▶ [Exercise description]:
Up to and including the line that holds "这是朱金石的《船》,是用一万", print the data exactly from its first line; do not print the pictures.

▶ [Information]:

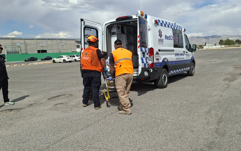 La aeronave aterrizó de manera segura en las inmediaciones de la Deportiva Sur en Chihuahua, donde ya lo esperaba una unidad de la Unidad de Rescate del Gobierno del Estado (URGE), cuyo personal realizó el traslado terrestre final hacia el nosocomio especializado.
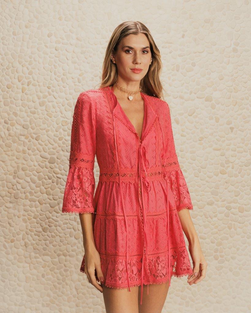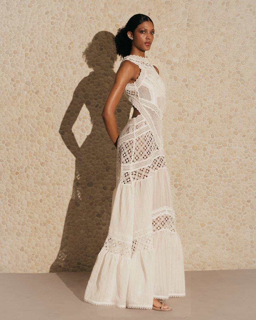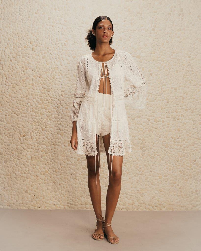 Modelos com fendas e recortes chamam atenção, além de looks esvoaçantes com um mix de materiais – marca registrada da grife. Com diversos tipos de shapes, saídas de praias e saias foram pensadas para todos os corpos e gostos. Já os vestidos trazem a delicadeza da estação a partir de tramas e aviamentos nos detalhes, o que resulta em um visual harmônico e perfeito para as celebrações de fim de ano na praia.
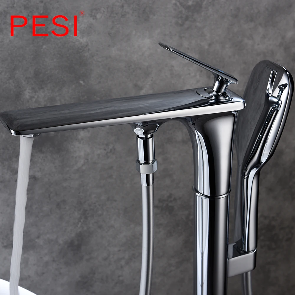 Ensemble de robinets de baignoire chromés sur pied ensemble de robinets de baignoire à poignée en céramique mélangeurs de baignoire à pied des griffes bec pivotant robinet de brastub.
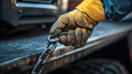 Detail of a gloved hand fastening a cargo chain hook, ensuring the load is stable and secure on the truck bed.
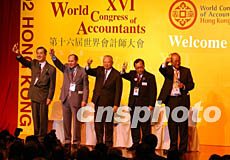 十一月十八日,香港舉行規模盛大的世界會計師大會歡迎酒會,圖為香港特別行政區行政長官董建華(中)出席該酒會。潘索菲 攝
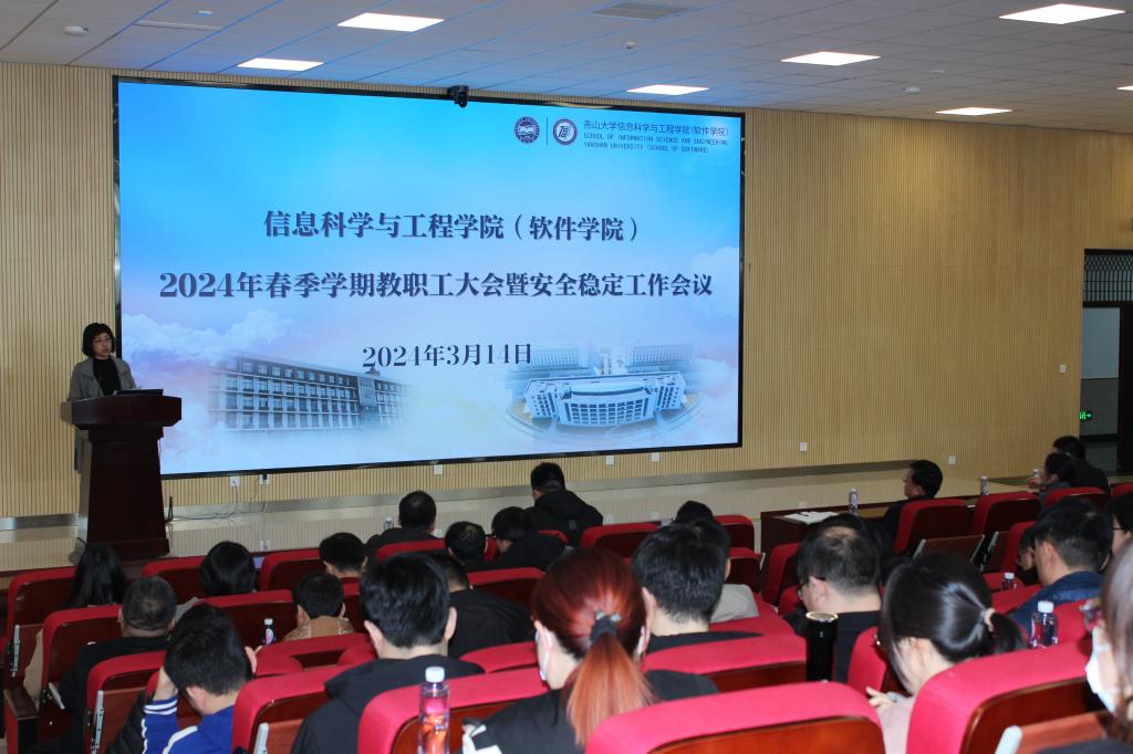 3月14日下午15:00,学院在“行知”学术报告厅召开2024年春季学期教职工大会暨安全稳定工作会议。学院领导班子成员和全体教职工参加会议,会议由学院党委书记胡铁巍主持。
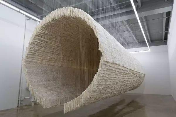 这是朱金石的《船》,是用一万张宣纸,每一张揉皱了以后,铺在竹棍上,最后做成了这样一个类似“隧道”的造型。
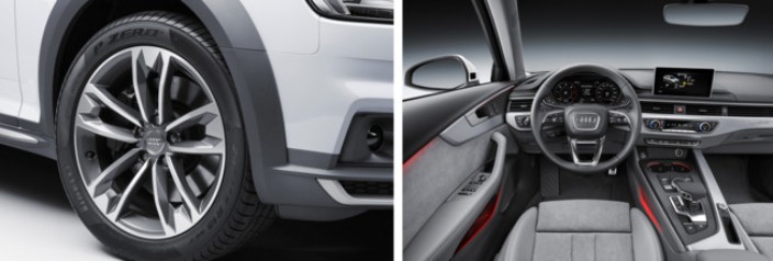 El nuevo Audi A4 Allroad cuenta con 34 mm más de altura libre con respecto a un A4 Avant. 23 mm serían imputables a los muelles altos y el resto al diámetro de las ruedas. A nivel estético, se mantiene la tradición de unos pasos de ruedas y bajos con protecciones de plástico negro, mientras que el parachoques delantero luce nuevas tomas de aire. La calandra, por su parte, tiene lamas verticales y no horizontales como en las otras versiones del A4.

▶ [Exercise response]:
 La aeronave aterrizó de manera segura en las inmediaciones de la Deportiva Sur en Chihuahua, donde ya lo esperaba una unidad de la Unidad de Rescate del Gobierno del Estado (URGE), cuyo personal realizó el traslado terrestre final hacia el nosocomio especializado.
 Modelos com fendas e recortes chamam atenção, além de looks esvoaçantes com um mix de materiais – marca registrada da grife. Com diversos tipos de shapes, saídas de praias e saias foram pensadas para todos os corpos e gostos. Já os vestidos trazem a delicadeza da estação a partir de tramas e aviamentos nos detalhes, o que resulta em um visual harmônico e perfeito para as celebrações de fim de ano na praia.
 Ensemble de robinets de baignoire chromés sur pied ensemble de robinets de baignoire à poignée en céramique mélangeurs de baignoire à pied des griffes bec pivotant robinet de brastub.
 Detail of a gloved hand fastening a cargo chain hook, ensuring the load is stable and secure on the truck bed.
 十一月十八日,香港舉行規模盛大的世界會計師大會歡迎酒會,圖為香港特別行政區行政長官董建華(中)出席該酒會。潘索菲 攝
 3月14日下午15:00,学院在“行知”学术报告厅召开2024年春季学期教职工大会暨安全稳定工作会议。学院领导班子成员和全体教职工参加会议,会议由学院党委书记胡铁巍主持。
 这是朱金石的《船》,是用一万张宣纸,每一张揉皱了以后,铺在竹棍上,最后做成了这样一个类似“隧道”的造型。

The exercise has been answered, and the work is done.